One of the difficulties in grading assignments is determining how to award the points. In a normal testing situation, each problem is assigned a point value based on the difficulty of the problem and the relative importance of the concepts.

Most of the assessments here, however, do not allow for such an assignment. Furthermore, they are used to provide mastery of the concepts, not to assign grades. That is, the point of completing the assessments is, for the most part, to learn or review the material, not to prove that you have learned it. By completing the assessments until you have mastered them, you will know the material (or at least the answers to those questions). The Flash animations have a limited number of questions and responses, but the ANOVA table generator generates values at random so it's likely you'll never see the exact same problem twice.

Since grades can't be assessed based on the number of correct or incorrect responses, we need another method to assign grades. The wholistic rubric that follows will help assign those points.

Not every goal applies to each assessment.
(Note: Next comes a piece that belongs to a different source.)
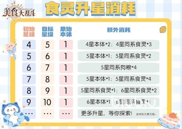 以此类推,基本上都是需要这些材料我们才可以顺利的完成升星,最高品阶为十星,之后就能达到角色的最高战力了,那么今天给大家带来的美食大乱斗升星材料表就介绍到这里了。

Goal Excellent (5 points) Average (3 points) Poor (1 point)
Identification The complete and correctly spelled names of the participants are given. The activity is clearly identified. At least one partial name is given on spelled incorrectly. The activity is identified. No complete names are given or the activity is not identified.
Completeness All questions are answered completely. One or more questions are partially answered or completely missing. Two or more questions are missing or partially complete.
Correctness There are 0 or 1 errors in the output or descriptions. There are 2 or 3 errors in the output or descriptions. There are more than 3 errors in the output or descriptions.
Organization The documents are clearly laid out in an organized fashion and different sections are easily identified. The document is mostly in an organized fashion, section titles may be sporadic or disorganized. The document is not organized into sections or the section titles don't apply to the material in those sections.
Annotation All computer generated output is clearly labeled and explained One or more sections of computer output are missing labels or explanation No computer output is labeled or explained.
Practice Problems Most of the questions can be completely and correctly answered on the first attempt. Most questions can be correctly and correctly answered, although more than one attempt may be necessary Most questions can not be answered correctly or completely, even with repeated attempts
Participation The student participates in class and completes the one minute feedback assessments The student either participates in class or completes the one minute feedback assessments The student neither participates in class nor complete the one minute feedback assessments

Notes

  1. The student's performance will be matched to the closest category (excellent, average, poor).
  2. Should the performance fall equally between two categories, it is possible to receive the average point assignment. Even though there are five possible points, there are only three categories so it doesn't become difficult to distinguish one level of performance from another.
  3. Although the 5 - 3 - 1 scale is used, individual components may be weighted to achieve the point assignment for the assessment.
  4. Not all assessments are graded. Some are simply so that you can better understand the material.